There are a lot of reasons why this might not make sense for Sony — for example, at the rumored price point, this camera would likely eat into its APS-C mirrorless sales — but the company did patent a design just like this last year, so there is some indication that this is at least on Sony’s mind.

As to whether we’ll be seeing this at Photokina? Well, we’ll keep our fingers crossed and our ears open for more info, so keep a close eye on the site over the next few months.

(via sonyalpharumors via The Phoblographer)

  • waterengineer

    The RX100 was to prove the concept. However, I believe a FF camera in this configuration would be much better served (by the marketplace) if it had an eye level viewfinder.

  • Woody ONeal

    lenses please

  • Chester A. Arthur

    Exactly this.
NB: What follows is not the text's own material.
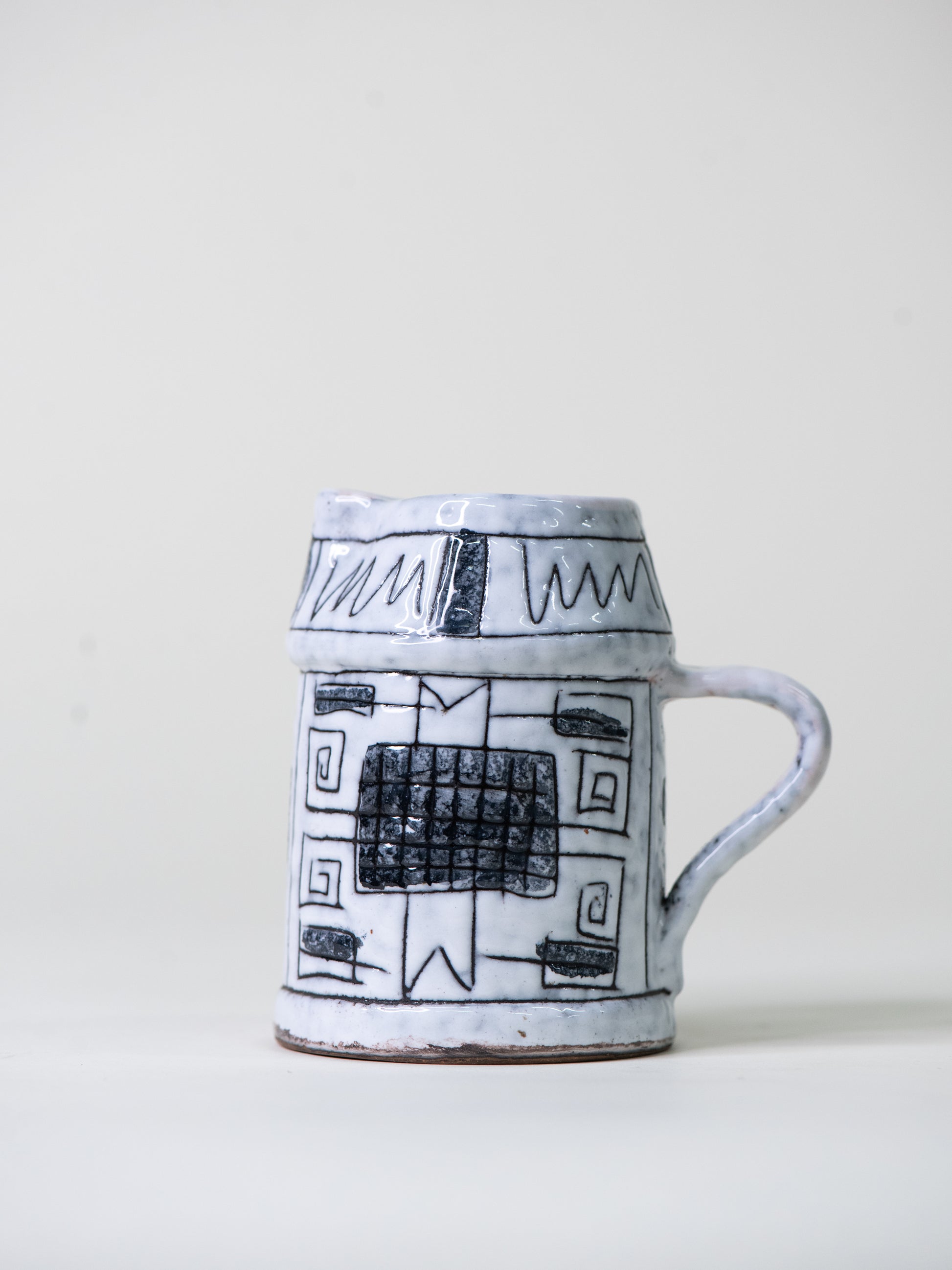Small Italian ceramic jug from Fratelli Fanciullacci, hand-decorated in black and white with geometric motifs typical of the 1960s. The bold, linear surface pattern contrasts beautifully with the softly rounded shape, giving it both a graphic and handmade feel.

I think most people decided not to go with the A7 cameras because of the underwhelming native lens selection and shutter sound, not because of the price point or size of the body.

  • Woody ONeal

    Not that I am a Fuji-addict, but Fuji, smartly, has published and delivered on a lens roadmap.

    And as much criticism as Canon and Nikon have taken for “not being innovative”, they are regarded as serious photographic tools by professionals and advanced amateurs alike because of the depth and breadth of their lens lineups.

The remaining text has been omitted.